The simplest approach is to modify the system's hosts file:

# Linux/macOS: /etc/hosts
# Windows: C:\Windows\System32\drivers\etc\hosts

10.11.12.13 domain.tld

Method 2: DNSMasq Integration

For more advanced control, use DNSMasq with OpenVPN:

# Install DNSMasq
sudo apt install dnsmasq

# Configure DNSMasq
echo "address=/domain.tld/10.11.12.13" | sudo tee -a /etc/dnsmasq.conf

# Restart DNSMasq
sudo systemctl restart dnsmasq

Method 3: Using resolvectl (systemd-resolved)

On systemd-based systems:

resolvectl dns tun0 10.11.12.13
resolvectl domain tun0 '~domain.tld'

For a solution that only affects the VPN connection:

# In your client.conf
script-security 2
up /etc/openvpn/update-resolv-conf
down /etc/openvpn/update-resolv-conf

# Create a custom script
echo '#!/bin/sh
echo "nameserver 10.11.12.13" > /etc/resolv.conf
echo "search domain.tld" >> /etc/resolv.conf
' | sudo tee /etc/openvpn/custom-dns.sh
chmod +x /etc/openvpn/custom-dns.sh

After connecting to your VPN, verify the resolution:

nslookup domain.tld
ping domain.tld
  • Ensure scripts have correct permissions (755)
  • Check OpenVPN logs for errors
  • Verify no competing DNS settings exist
  • Test with different DNS tools (dig, host, nslookup)

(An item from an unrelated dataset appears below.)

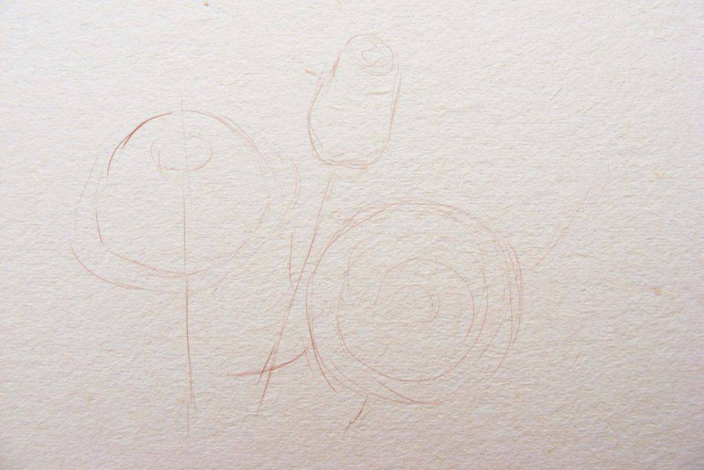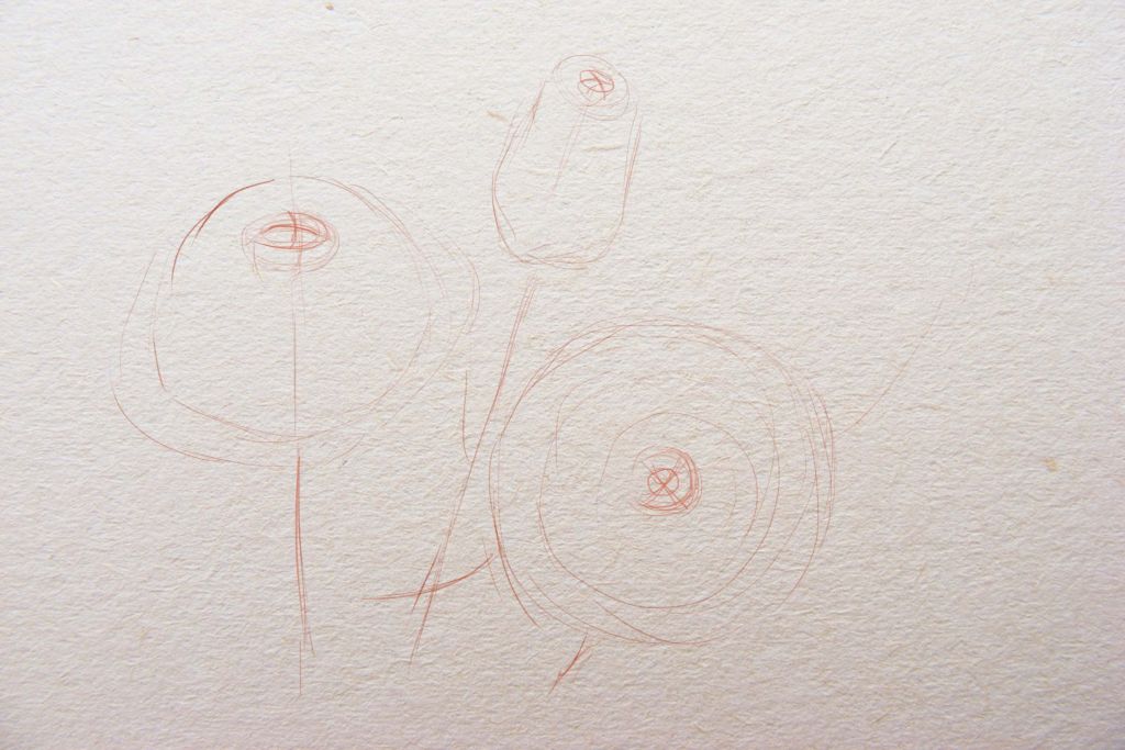 - На этом же этапе необходимо наметить стебли, определить центр цветка. На иллюстрации ниже центр очень приблизительно очерчен, но на самом деле это нужно делать еле заметными штрихами.

When working with OpenVPN configurations, you might need to override DNS resolution for specific domains. This is particularly useful when you want to route traffic for public domains through your VPN tunnel to private IP addresses.

Normally, when your OpenVPN client resolves a domain like example.com, it follows the standard DNS resolution chain:

nslookup example.com
Server:  8.8.8.8
Address: 8.8.8.8#53

Non-authoritative answer:
Name: example.com
Address: 93.184.216.34

OpenVPN provides two effective methods to override this behavior:

Method 1: Using --resolve Directive

Add this to your client configuration file (client.ovpn):

# Force domain.tld to resolve to 10.11.12.13
resolve domain.tld 10.11.12.13

Multiple domains can be specified with additional resolve lines. This works similarly to adding entries to /etc/hosts but is VPN-specific.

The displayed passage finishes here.